HUNTINGTON BEACH, Calif. – News that a sport-fisherman reeled in — and kept — a potentially record-setting mako shark off the Southern California coast earlier this week is making waves with conservationists, who berated the catch because shark populations are vulnerable to overfishing worldwide.
The female shark caught Monday off Huntington Beach weighed in at just over 1,323 pounds. It was 11 feet long and measured 8 feet around its sizeable midsection, said Kent Williams, a California-certified fish weight master and owner of New Fishall Bait, where the shark was taken for frozen storage.
Jason Johnston, of Mesquite, Texas, caught the massive fish after a 2 1/2-hour battle, the Orange County Register reported.
If the catch is confirmed and meets conditions, it would exceed the 1,221-pound record mako catch made in July 2001 off the coast of Chatham, Mass., said Jack Vitek, world records co-ordinator for the Florida-based International Game Fish Association. It takes about two months for the association to verify domestic catches, he told the Los Angeles Times.
For now, Williams is keeping the shark in a refrigerated storage unit, stuffed into a 3-by-5-foot metal bin on wheels from which its tail and head spill out. Layered rows of razor-sharp teeth line the shark’s mouth, which was frozen halfway shut Wednesday. A rope was still looped around its dorsal fin.
Under state law, anglers can take two such sharks per outing, although such catches are exceedingly rare, Williams said.
“Ninety-nine out of 100 people who are out fishing for sharks catch this and will not be able to land it. There’s very few of these caught each year, but every time one’s caught, people make a big deal about it,” he told the AP.
On Wednesday, angry callers from as far away as Australia were phoning Williams’ wholesale fish bait business to complain that he was storing the shark there.
The shark should have been released, argued David McGuire, director of the California-based protection advocacy group Shark Stewards.
“People should be viewing these sharks as wonderful animals that are important to the ocean and admiring how beautiful they are” rather than “spilling their blood and guts,” McGuire told the Times.
But any sport fisherman who has a potential world record is not going to release the fish, Williams said. “I don’t care what they say. If they have a potential world record, they’re going to take that fish — if they can.”
Only 23 of the 6,850 world records on file with the game association involve fish topping 1,300 pounds, Vitek said. The largest catch was a 2,664-pound great white shark that was taken in 1959 off the Australian coast.

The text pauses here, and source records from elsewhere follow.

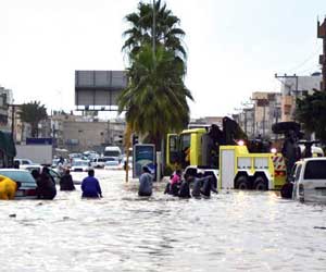 كما أدت الأمطار إلى احتجاز عدد من معلمات الثانوية الرابعة داخل مدرستهن، وتكفل أحد المواطنين بإيصالهن بسيارته الخاصة ذات الدفع الرباعي، فيما رصدت "الوطن" سقوط أسوار بعض المنازل في أحياء البلد والمرجان.
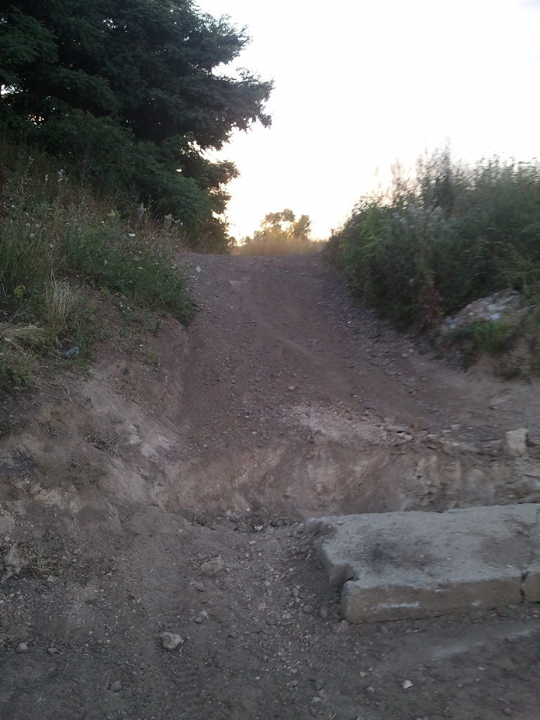 Přijel jsem od ulice Průmyslové a vyjížděl jsem u kruhovýho "objezdu". Ke kruháči se jede trošičku do kopce a kruháč je za horizontem po menším klesání dlouhým asi 20m. Jel jsem asi 30km/h a jakmile jsem se přenesl přes horizont, tak jsem si všiml, že nějaká ku...va vykopala bagrem přes celou šířku cesty asi půl metru hlubokou jámu. Brzdy (toto celý místo vzniklo navážením jemnýho formovacího písku ze slévaren) a buď si lehnu na ten svah a nebo si dám elegantní salto přes přední kolo a zádama na asfalt. Vybral jsem si první možnost.
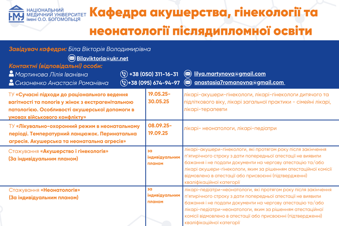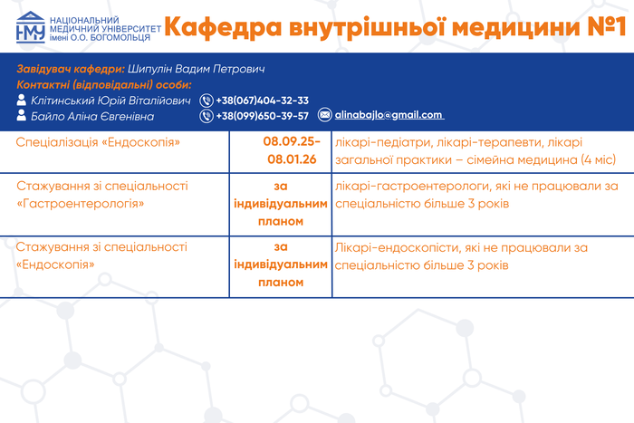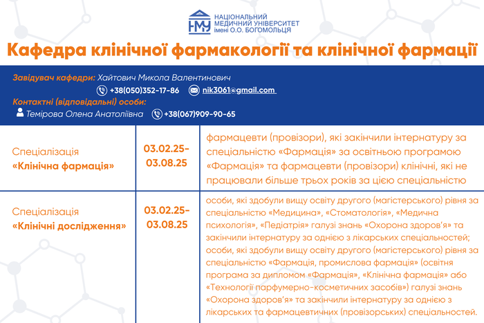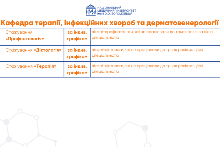Положення про порядок професійного медичного стажування на клінічних кафедрах та структурних підрозділах Університетської клініки Національного медичного університету імені О.О. Богомольця: https://drive.google.com/file/d/1ZV0Zr1LXhXmbOGOH62BFLlLJm6TYHSjV/view
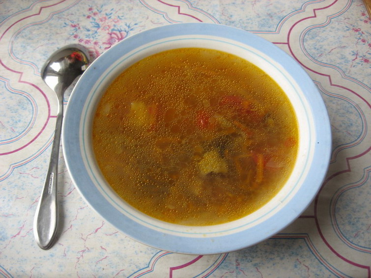 Не отключая огонь, половину из того, что у нас лежит на сковороде, перекладываем в кастрюльку. Поскольку в супе лишнее масло совершенно не нужно, берем либо специальную ложку, с дырочками, либо пользуемся обычной, но, набрав в неё зажарку, не торопимся, а, прислонив к стенке сковороды, чуть наклоняем и ждем несколько секунд, давая стечь излишкам масла. Только после этого выкладываем содержимое ложки в кастрюльку.
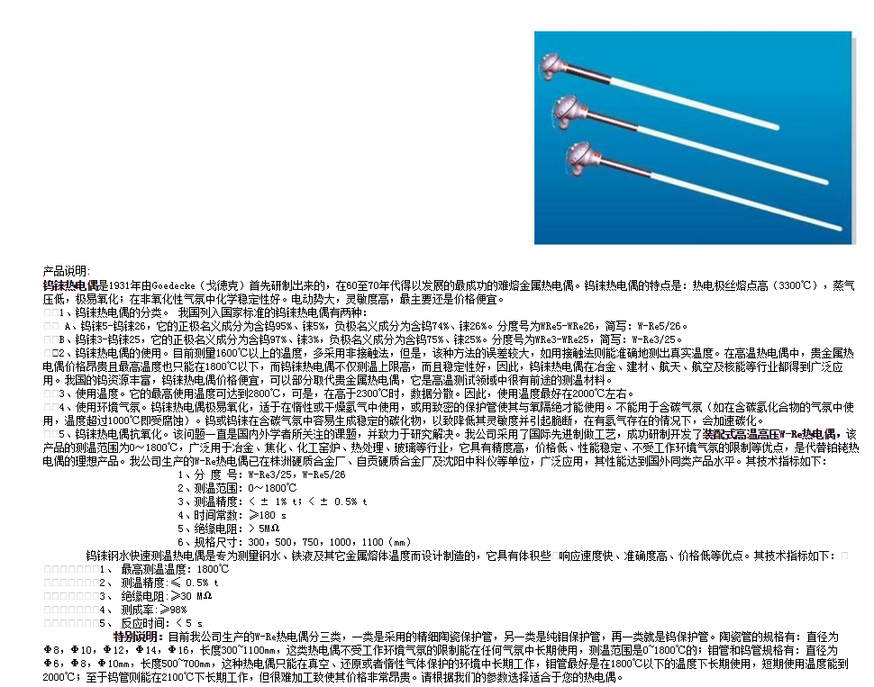 W-Re3/25,W-Re5/26,鎢錸熱電偶

“Seeing a fish over 1,000 pounds — whether it’s a shark, a tuna or a billfish — it’s extremely rare,” Vitek said.
Plans call for the shark to be donated for research.

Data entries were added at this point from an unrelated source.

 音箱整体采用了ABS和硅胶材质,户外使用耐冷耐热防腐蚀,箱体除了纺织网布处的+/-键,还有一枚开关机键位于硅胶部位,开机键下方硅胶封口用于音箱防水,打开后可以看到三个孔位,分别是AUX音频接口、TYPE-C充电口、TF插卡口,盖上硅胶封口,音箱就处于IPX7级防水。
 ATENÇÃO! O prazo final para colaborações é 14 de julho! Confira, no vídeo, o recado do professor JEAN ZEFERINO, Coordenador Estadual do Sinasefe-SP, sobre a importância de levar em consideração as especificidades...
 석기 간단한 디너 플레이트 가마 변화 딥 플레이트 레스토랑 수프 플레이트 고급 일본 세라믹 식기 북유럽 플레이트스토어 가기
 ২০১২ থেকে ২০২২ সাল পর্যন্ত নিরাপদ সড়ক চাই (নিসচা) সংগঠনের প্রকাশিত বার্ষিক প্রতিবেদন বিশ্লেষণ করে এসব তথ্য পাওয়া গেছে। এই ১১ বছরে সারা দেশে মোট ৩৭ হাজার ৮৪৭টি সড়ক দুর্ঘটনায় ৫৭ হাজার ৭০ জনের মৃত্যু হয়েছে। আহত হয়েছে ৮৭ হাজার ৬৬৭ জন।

Johnston came to California to film a game-hunting television program called “Jim Shockey’s The Professionals” for the Outdoor Channel.
Southern California is considered to be a nursery ground for mako sharks. But the ones that are caught are usually between 2 1/2 and 6 feet long, said Nick Wegner, a fisheries research biologist at Scripps Institution of Oceanography in San Diego.
“Encountering one this big is rare,” he said.
The catch was made aboard the chartered fishing vessel Breakaway, out of Huntington Beach. Skipper Matt Potter told the Times that the boat only kept one mako for a total of 18 passengers who were out three days. The rest were released, he said.
Still, McGuire said sharks should be left alone.
“These kind of reality shows are not reality,” he said. “The reality is we’re overfishing sharks and this macho big-game attitude should be a relic of the past.”